IN THE NINTH MOON month, at a time when heat was gone and cold not yet come, the day of David’s marriage was set. It was the thirty-third day after Leah’s death, and the sod upon her grave was still green.
Thus David saw it when he first went to look upon that grave. He had acquiesced by silence when his father told him that the wedding had been decided upon and he had been silent when he heard that exchange of gifts had been made.
“Does this please you, my son?” Ezra had asked at last.
“Yes, Father, if it pleases you and my mother,” David had answered. He had recovered from his wound, but it had left a scar across his forehead that would be there until his skull was dust. Though his flesh was healed, his spirit had not recovered. He was listless for many hours of the day, and at night he slept ill, and his old healthy greediness for good food had not returned. All this Peony saw, but she said nothing. She tended him now as she had tended him in the old days when he was a child, and Madame Ezra did not forbid her any more.

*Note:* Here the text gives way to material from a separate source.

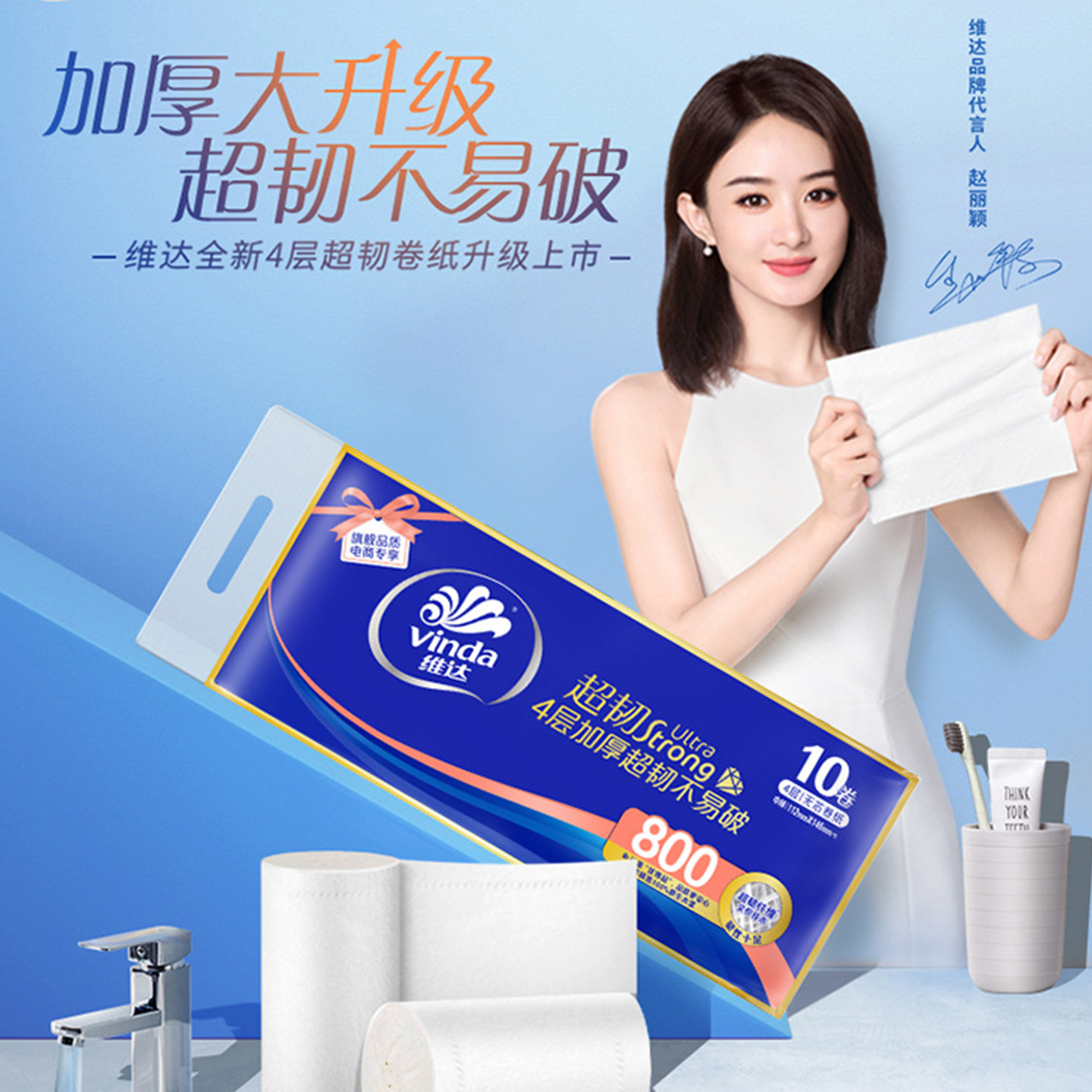 【孙颖莎推荐】维达卷纸蓝色经典卫生纸巾四层家庭装有芯卷纸厕所

“Tell me what will please you, my son,” Ezra said anxiously. He put his big hot hand on David’s thin one and David shrank from his father’s touch. He felt his father too eager and too pressing, overanxious and excessively hearty. His strength was not equal yet to meet his father’s love.
“I must marry, I know,” David said.
“You need not — you need not,” Ezra said. But his face fell.
“Yes, I must,” David said.
“Not if you do not love this daughter of Kung,” Ezra said.
“I do not love anyone yet, perhaps,” David said with a small smile.
Ezra was perturbed indeed. He sat back and put his hands on his knees. “I thought you were writing her poems!” he exclaimed.
“I was — but—” So David said.
“Did you leave off before—” Ezra asked, and could not go on to mention Leah.
“Before Leah died?” David said for him. “No — yes, I left a poem unfinished. That was because I met Leah — in the peach garden.”
“Do you mourn her?” Ezra demanded.
David considered long before he spoke. They were sitting in his father’s room, for Ezra had sent for him to tell him that the betrothal was completed.
“No,” David said at last. “I do not mourn. I wish she had not died — as she did. If she had lived—” He paused again.
Ezra’s hair prickled on his scalp and along his arms and legs. “Would you have wed her?” he demanded when David paused too long.
David shook his head slowly. When he did so he felt the scar upon his head ache. “No,” he said, and then with more vigor he said again, “No, Father, of that be sure. But had Leah lived I would have wed this other one with more joy. Can you understand that?”
Ezra’s jaw dropped and he stared back at his son and shook his head. It was beyond him.
“Poor Father,” David said tenderly. “Why should I trouble you? I will marry, and I will have sons and daughters, and I will do well with my life. After the wedding I will come back to the shop and everything will go as before, but better — much better.”
He rose, put a smile on his face, and bowed to his father and went away. Behind him Ezra sat doubtful for a long time, sighed, and then went to his shop, his underlip thrust out for the rest of the day and his temper bad.
As for David, he was restless and he was so irritable with Peony that she gave up trying to please him and she sat quietly and did her sewing. This was usually embroidery of some sort, but today she was not working on silks. She had a piece of fine white linen in her hands, shaped to the sole of a foot.
David watched her little fingers moving in and out of the cloth, drawing the needle up and down and through, and at last he asked her what she did.